[Study material]
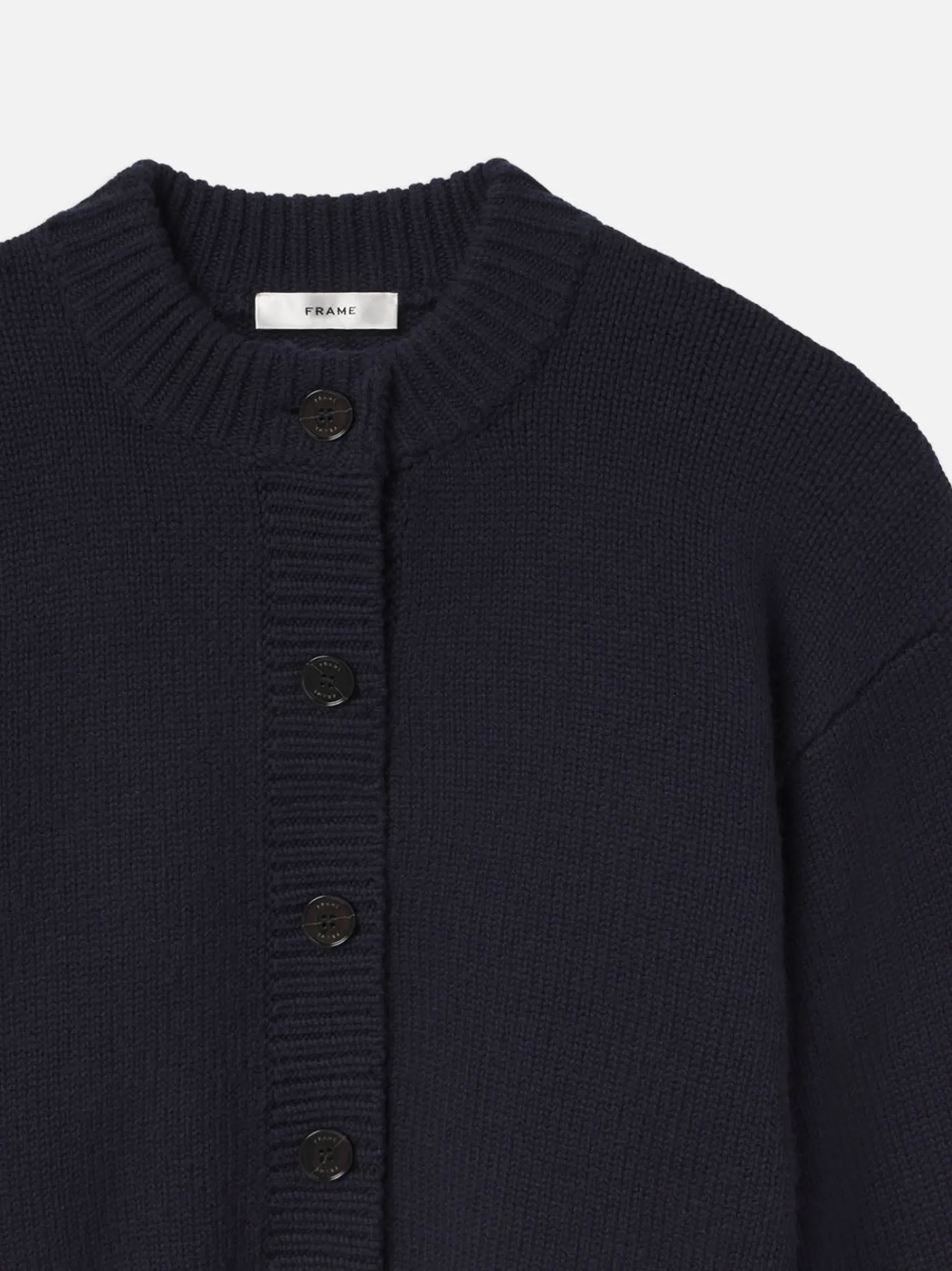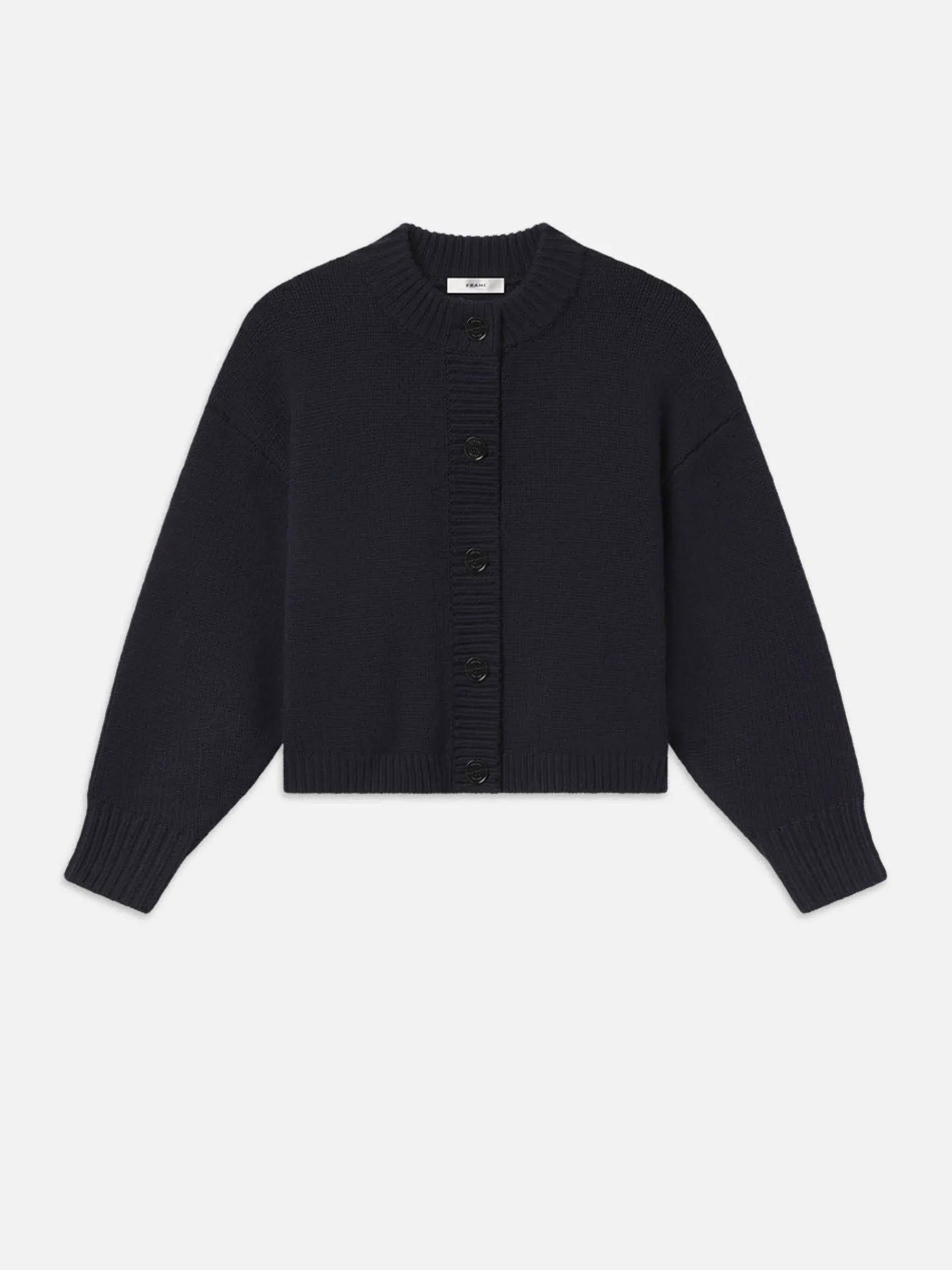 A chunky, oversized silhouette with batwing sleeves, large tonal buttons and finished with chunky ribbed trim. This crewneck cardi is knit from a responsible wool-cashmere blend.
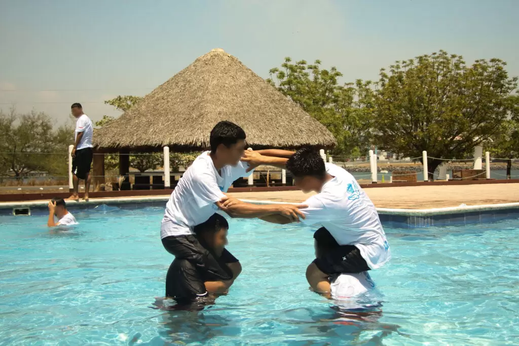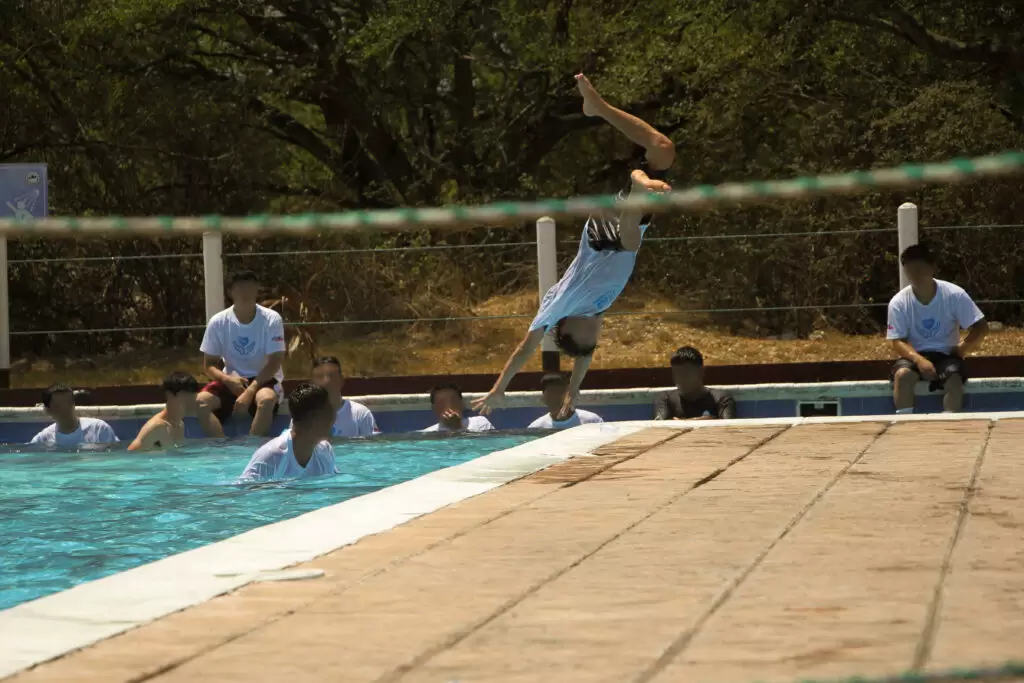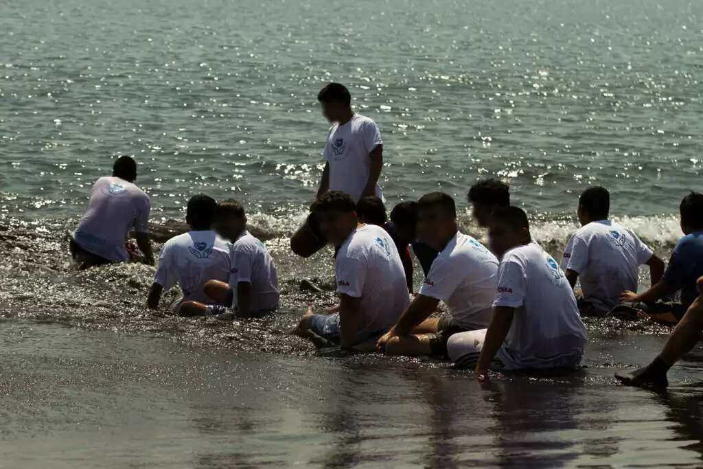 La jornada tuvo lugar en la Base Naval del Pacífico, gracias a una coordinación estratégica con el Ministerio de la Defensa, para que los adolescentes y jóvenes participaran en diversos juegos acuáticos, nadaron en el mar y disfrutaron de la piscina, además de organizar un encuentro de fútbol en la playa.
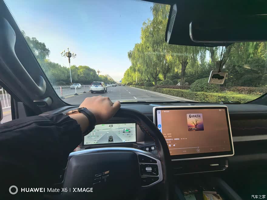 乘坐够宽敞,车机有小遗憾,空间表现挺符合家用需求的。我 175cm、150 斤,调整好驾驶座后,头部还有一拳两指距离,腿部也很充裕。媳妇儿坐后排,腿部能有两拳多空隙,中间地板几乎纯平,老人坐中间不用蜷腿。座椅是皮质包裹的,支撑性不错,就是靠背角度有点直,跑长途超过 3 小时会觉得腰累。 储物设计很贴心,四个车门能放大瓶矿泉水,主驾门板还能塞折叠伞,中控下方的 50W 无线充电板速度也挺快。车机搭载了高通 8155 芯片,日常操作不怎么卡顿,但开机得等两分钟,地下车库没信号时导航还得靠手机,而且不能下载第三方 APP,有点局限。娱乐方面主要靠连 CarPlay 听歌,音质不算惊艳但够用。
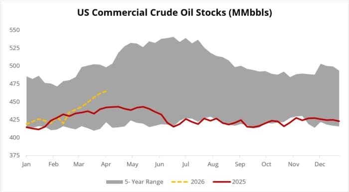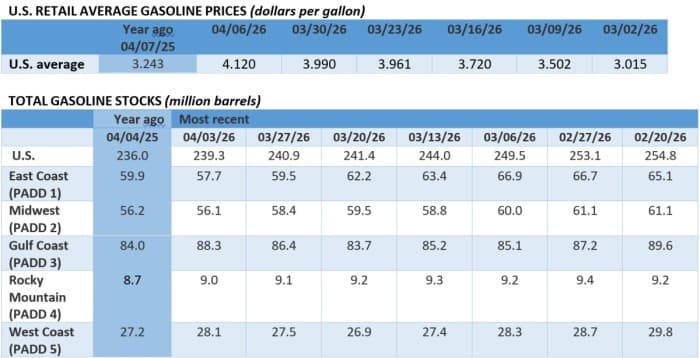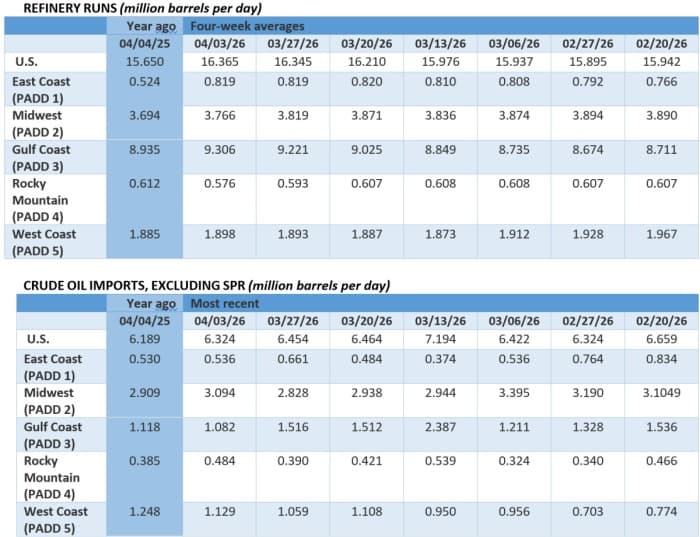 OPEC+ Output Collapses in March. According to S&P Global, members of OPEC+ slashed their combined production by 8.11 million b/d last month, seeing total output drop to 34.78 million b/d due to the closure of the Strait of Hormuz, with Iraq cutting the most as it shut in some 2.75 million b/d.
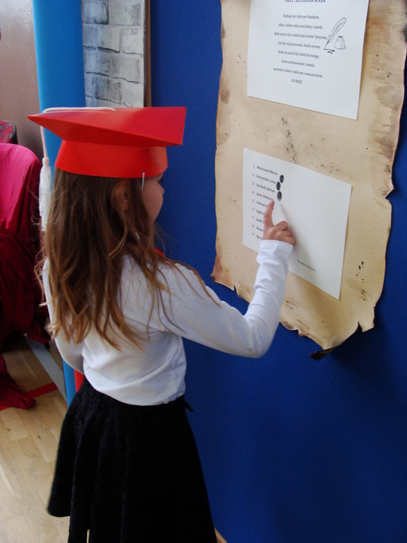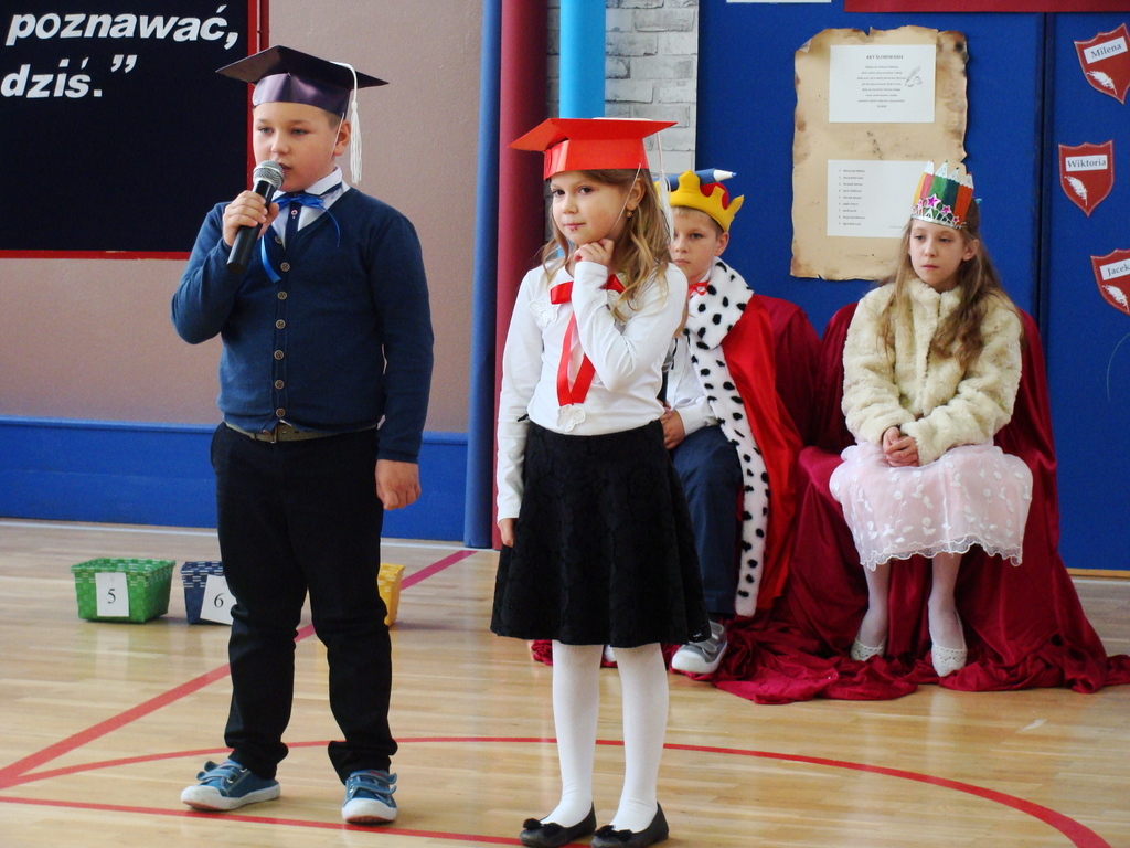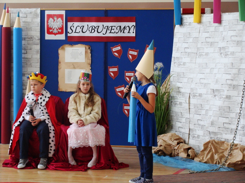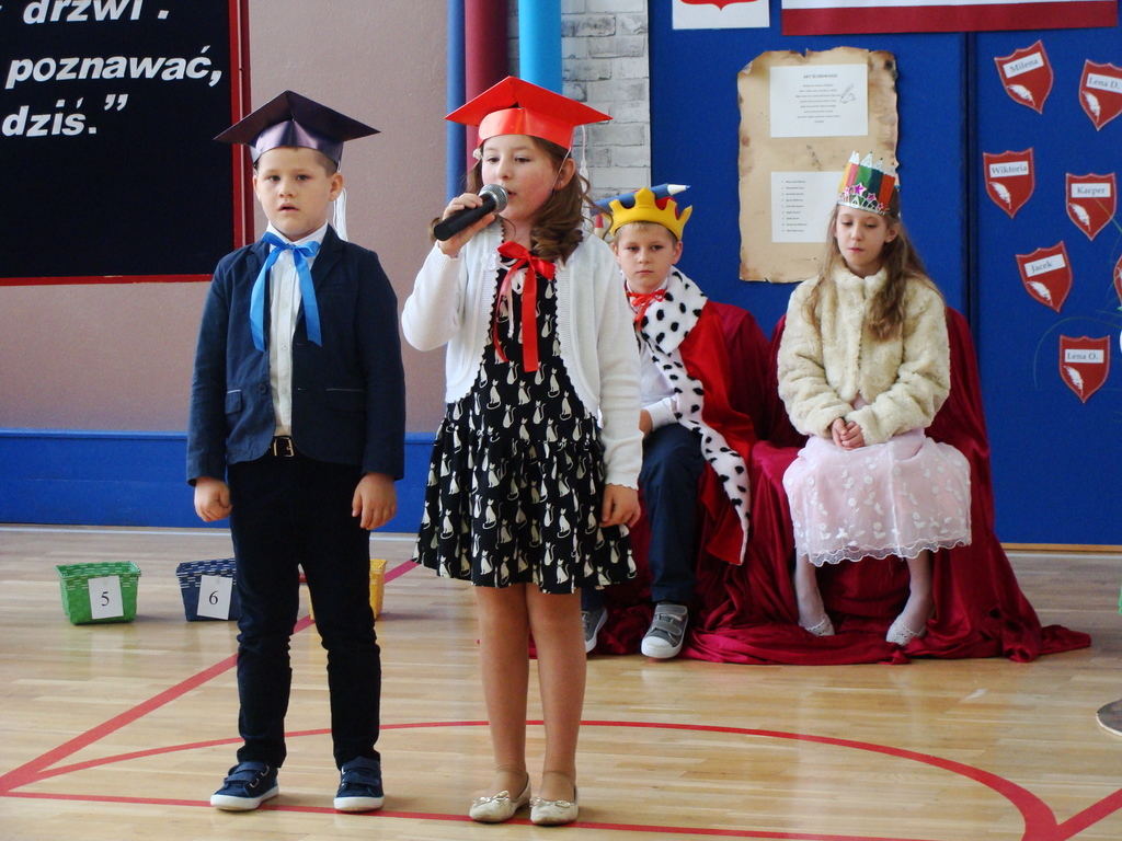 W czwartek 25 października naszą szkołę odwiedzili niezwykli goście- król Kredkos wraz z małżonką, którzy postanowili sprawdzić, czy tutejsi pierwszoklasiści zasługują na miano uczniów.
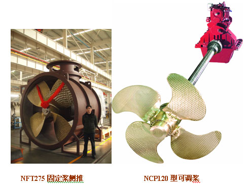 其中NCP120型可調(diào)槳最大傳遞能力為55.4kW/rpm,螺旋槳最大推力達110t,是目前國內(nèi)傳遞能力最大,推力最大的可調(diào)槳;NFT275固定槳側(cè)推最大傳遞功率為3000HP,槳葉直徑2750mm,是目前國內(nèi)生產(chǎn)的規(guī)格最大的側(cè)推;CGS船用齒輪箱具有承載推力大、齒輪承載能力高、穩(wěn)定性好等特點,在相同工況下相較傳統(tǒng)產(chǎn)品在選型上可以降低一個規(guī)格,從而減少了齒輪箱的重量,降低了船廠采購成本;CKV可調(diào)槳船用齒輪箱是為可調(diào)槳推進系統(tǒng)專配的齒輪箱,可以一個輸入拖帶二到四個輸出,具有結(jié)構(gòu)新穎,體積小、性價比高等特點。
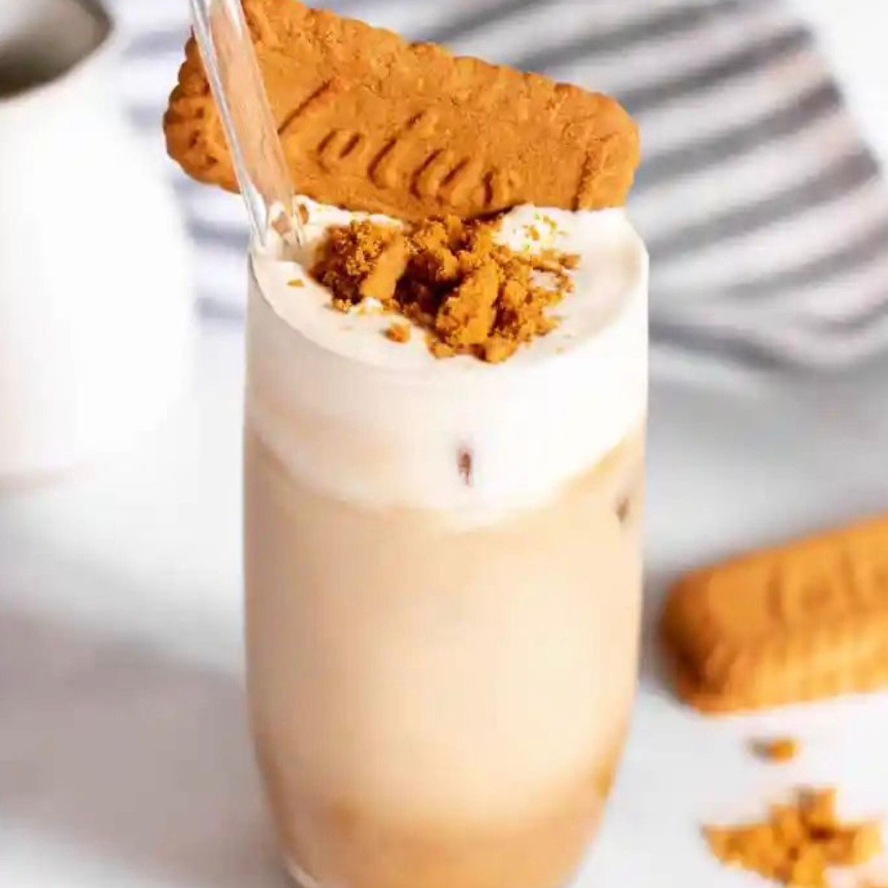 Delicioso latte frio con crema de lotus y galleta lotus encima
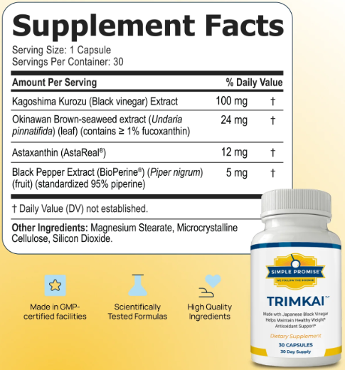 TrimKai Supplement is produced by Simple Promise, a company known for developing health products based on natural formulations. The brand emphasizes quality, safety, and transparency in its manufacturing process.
[/Study material]
* Work required:
Restate word for word the lines starting at the one that contains "APP,有点局限。娱乐方面主要靠连 CarPlay 听歌,音质不算惊艳但够用。" and ending at the last line of the data. Skip every picture.

* The completed task:
 乘坐够宽敞,车机有小遗憾,空间表现挺符合家用需求的。我 175cm、150 斤,调整好驾驶座后,头部还有一拳两指距离,腿部也很充裕。媳妇儿坐后排,腿部能有两拳多空隙,中间地板几乎纯平,老人坐中间不用蜷腿。座椅是皮质包裹的,支撑性不错,就是靠背角度有点直,跑长途超过 3 小时会觉得腰累。 储物设计很贴心,四个车门能放大瓶矿泉水,主驾门板还能塞折叠伞,中控下方的 50W 无线充电板速度也挺快。车机搭载了高通 8155 芯片,日常操作不怎么卡顿,但开机得等两分钟,地下车库没信号时导航还得靠手机,而且不能下载第三方 APP,有点局限。娱乐方面主要靠连 CarPlay 听歌,音质不算惊艳但够用。
 OPEC+ Output Collapses in March. According to S&P Global, members of OPEC+ slashed their combined production by 8.11 million b/d last month, seeing total output drop to 34.78 million b/d due to the closure of the Strait of Hormuz, with Iraq cutting the most as it shut in some 2.75 million b/d.
 W czwartek 25 października naszą szkołę odwiedzili niezwykli goście- król Kredkos wraz z małżonką, którzy postanowili sprawdzić, czy tutejsi pierwszoklasiści zasługują na miano uczniów.
 其中NCP120型可調(diào)槳最大傳遞能力為55.4kW/rpm,螺旋槳最大推力達110t,是目前國內(nèi)傳遞能力最大,推力最大的可調(diào)槳;NFT275固定槳側(cè)推最大傳遞功率為3000HP,槳葉直徑2750mm,是目前國內(nèi)生產(chǎn)的規(guī)格最大的側(cè)推;CGS船用齒輪箱具有承載推力大、齒輪承載能力高、穩(wěn)定性好等特點,在相同工況下相較傳統(tǒng)產(chǎn)品在選型上可以降低一個規(guī)格,從而減少了齒輪箱的重量,降低了船廠采購成本;CKV可調(diào)槳船用齒輪箱是為可調(diào)槳推進系統(tǒng)專配的齒輪箱,可以一個輸入拖帶二到四個輸出,具有結(jié)構(gòu)新穎,體積小、性價比高等特點。
 Delicioso latte frio con crema de lotus y galleta lotus encima
 TrimKai Supplement is produced by Simple Promise, a company known for developing health products based on natural formulations. The brand emphasizes quality, safety, and transparency in its manufacturing process.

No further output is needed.